Although my childhood with my family was colorful, it started to change when the teenage years hit. Personalities changed and so did priorities. I was always known as the grandma because I would try to guide my cousins. My cousins all went to the same school which helped them all create a bond while my siblings and I were at a different school. Even though we started growing apart, one of the best memories I have with my family is during my brother’s engagement in Canada. We all flew out to Canada and had the best time. It was one of the last times we all got along and enjoyed each other’s company. Soon after that, we started to break apart. The cherry on top was when Yama, my brother passed away at the age of thirty-four. I was hurt that my cousins that I grew up with weren’t there for me. I barely heard from them. A series of issues happened during the time my brother passed away including two different arguments with two different cousins and so much more. I was already pulling away from them and this just closed the case. We saw each other once in a while but it was never the same.

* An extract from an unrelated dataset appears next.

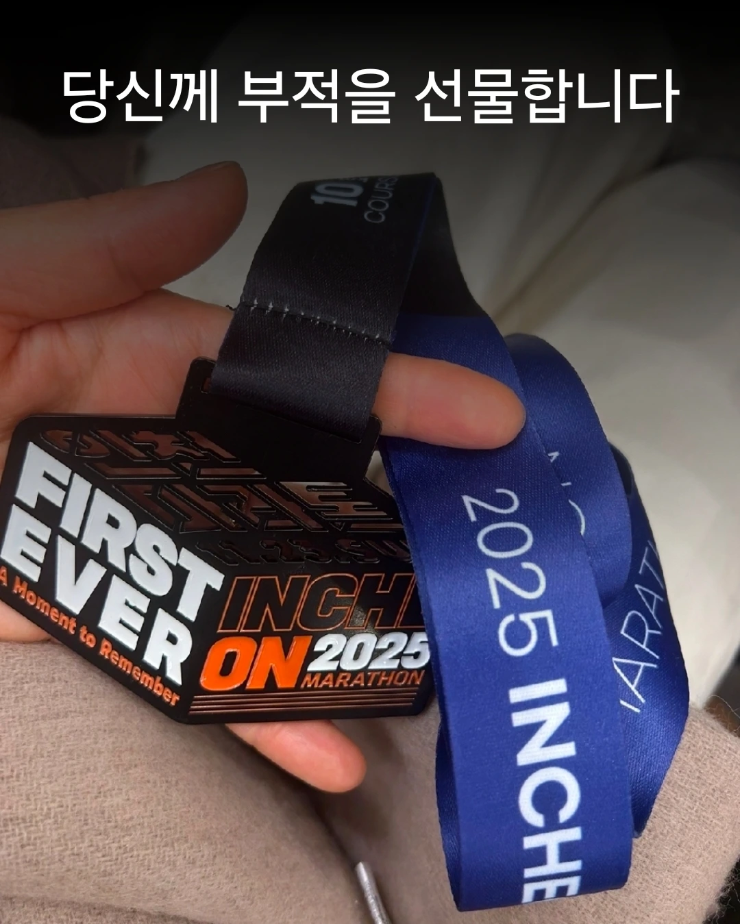러너의 메달은 귀하다. 달리기에 진심인 러너의 메달은 귀하다. 그냥 재미로 나간 대회가 아닌 몇 달 아니 1년의 고통스러운 훈련의 땀방울이 담겨있으니까. 나도 누군가의 삶에 그런 메달 같은 사람이 되고 싶다. 목에 걸면 가슴이 뜨거워지고 그처럼 달려봐야겠다는 마음이 드는 그런 러너가 되고 싶다. 메달을 선물한다는 건 자랑이 아닌 그 메달이 내 삶에 어떤 의미인지를 그분께 나누어주는 일이라 생각하니까.

It wasn’t just toward me but they all had issues amongst themselves too.
I think being a female was one of the problems too. They were boys and boys like to talk about girls. I didn’t party either and my cousins all got into drinking and other stuff. I didn’t fit in anymore. It made me sad. It still makes me sad.
So here I was at my cousin’s wedding, with half of my cousins not there and some of my own siblings not showing up either. As these strangers filled up the dance floor, I remembered my brother’s engagement party in Canada. I remembered how happy we all were. Yama was still alive then too. We danced the entire night away. It was one of the best nights of my life. Now here I am, sitting at a table, wondering what happened to all of us?
I am grateful for the memories I have with my family. I didn’t have the best elementary life so my cousins were my best friends. Now I do understand that I was not their favorite because of my know it all personality. I also understand that I was blessed to have them for that short period of time. I wish them nothing but health and happiness. Somedays I really miss them all but I think everything happens for a reason and maybe someday we will all find each other again. Right now, we all have very different lifestyles.
Still, it’s funny how life works.
I wonder if they ever wonder too, how did we get here?